→ **WORK TASK**
Print every record exactly, omitting all pictures.

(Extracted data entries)
*** Block opens ***
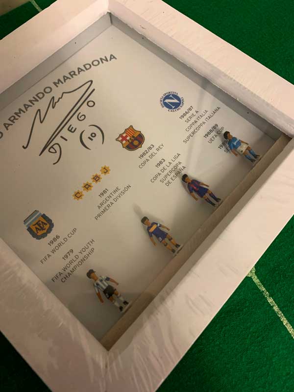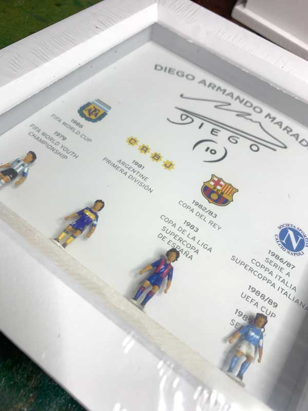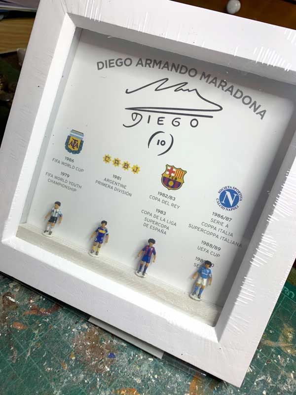 Presentedย in a 15cm square deep box box frame, these Subbuteo inspired Maradona figures celebrate arguably the world’s most loved football player.
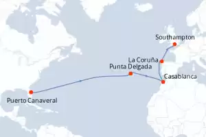 Itinerario : Puerto Canaveral, Punta Delgada, Casablanca, La Coruña, Southampton
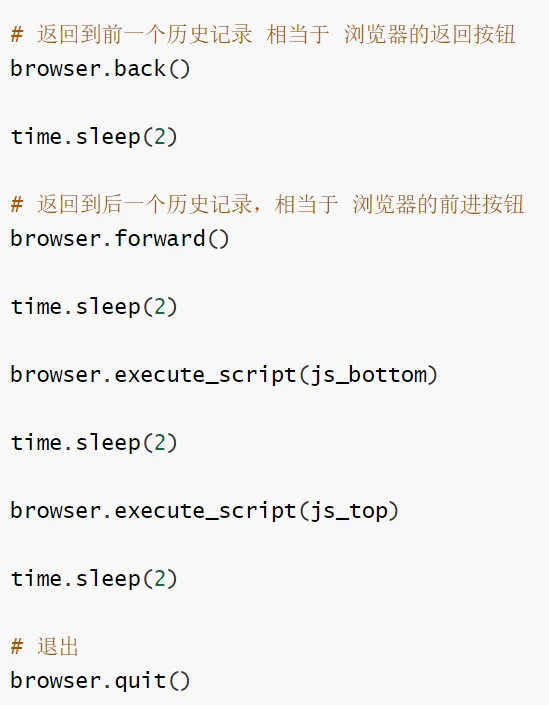 浏览器历史记录控制:使用back()方法模拟浏览器返回上一页操作,使用forward()方法模拟浏览器前进下一页操作。
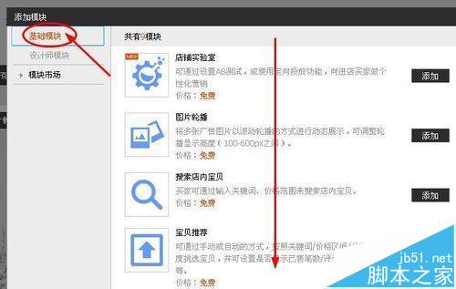 3、進(jìn)入后有三種選擇。第一個(gè),基礎(chǔ)模塊。意思是系統(tǒng)自帶的模塊,包括輪播、自定義內(nèi)容區(qū)、寶貝推薦等等常用模塊,都在這里。選擇好自己需要的模塊,點(diǎn),添加。
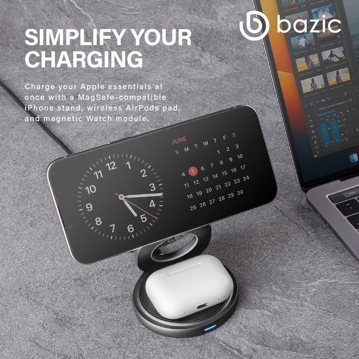 Magnetic Wireless Charger 3IN1 Foldable MagSafe 15W BAZIC GoMag Gyre
*** Block closes ***
→ **TASK RESPONSE**
 Presentedย in a 15cm square deep box box frame, these Subbuteo inspired Maradona figures celebrate arguably the world’s most loved football player.
 Itinerario : Puerto Canaveral, Punta Delgada, Casablanca, La Coruña, Southampton
 浏览器历史记录控制:使用back()方法模拟浏览器返回上一页操作,使用forward()方法模拟浏览器前进下一页操作。
 3、進(jìn)入后有三種選擇。第一個(gè),基礎(chǔ)模塊。意思是系統(tǒng)自帶的模塊,包括輪播、自定義內(nèi)容區(qū)、寶貝推薦等等常用模塊,都在這里。選擇好自己需要的模塊,點(diǎn),添加。
 Magnetic Wireless Charger 3IN1 Foldable MagSafe 15W BAZIC GoMag Gyre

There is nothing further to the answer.